> GIVEN ENTRIES:
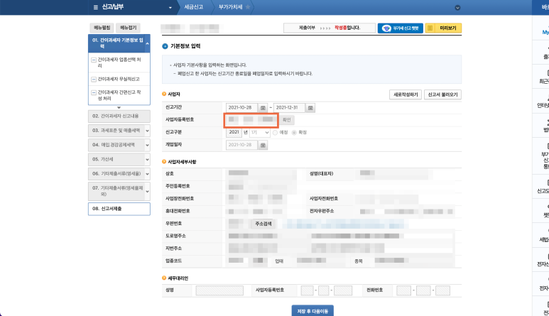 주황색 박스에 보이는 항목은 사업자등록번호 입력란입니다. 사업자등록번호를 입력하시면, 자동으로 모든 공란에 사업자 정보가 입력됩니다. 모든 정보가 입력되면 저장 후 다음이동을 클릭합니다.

--

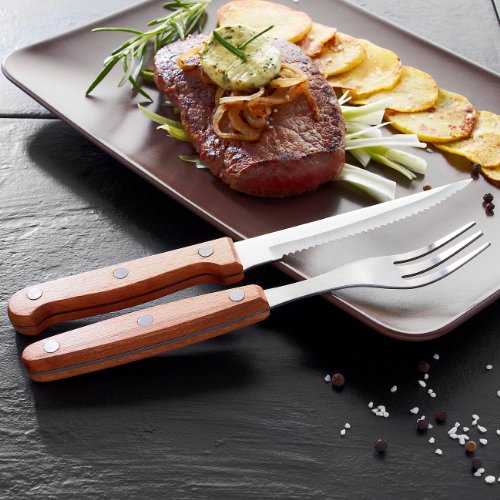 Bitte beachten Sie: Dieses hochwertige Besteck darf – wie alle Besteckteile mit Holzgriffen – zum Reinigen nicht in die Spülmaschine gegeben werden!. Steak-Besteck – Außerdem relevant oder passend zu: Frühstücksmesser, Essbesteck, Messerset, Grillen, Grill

* * *

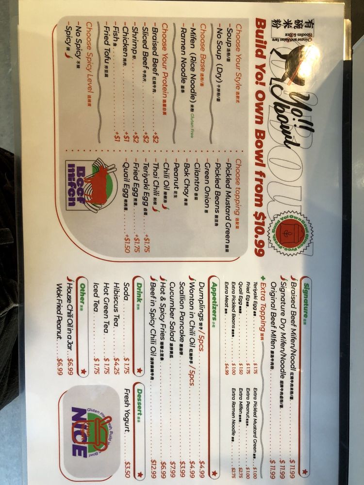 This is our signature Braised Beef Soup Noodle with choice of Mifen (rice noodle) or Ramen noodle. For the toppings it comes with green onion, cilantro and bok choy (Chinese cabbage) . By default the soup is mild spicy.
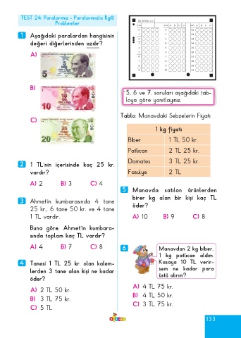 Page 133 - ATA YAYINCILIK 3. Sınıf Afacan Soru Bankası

> WHAT YOU WILL DO: Transcribe only the lines above that start at the line containing "This is our" and end at the line containing "Page 133 - ATA". Omit pictures.

> WRITTEN ANSWER:
 This is our signature Braised Beef Soup Noodle with choice of Mifen (rice noodle) or Ramen noodle. For the toppings it comes with green onion, cilantro and bok choy (Chinese cabbage) . By default the soup is mild spicy.
 Page 133 - ATA YAYINCILIK 3. Sınıf Afacan Soru Bankası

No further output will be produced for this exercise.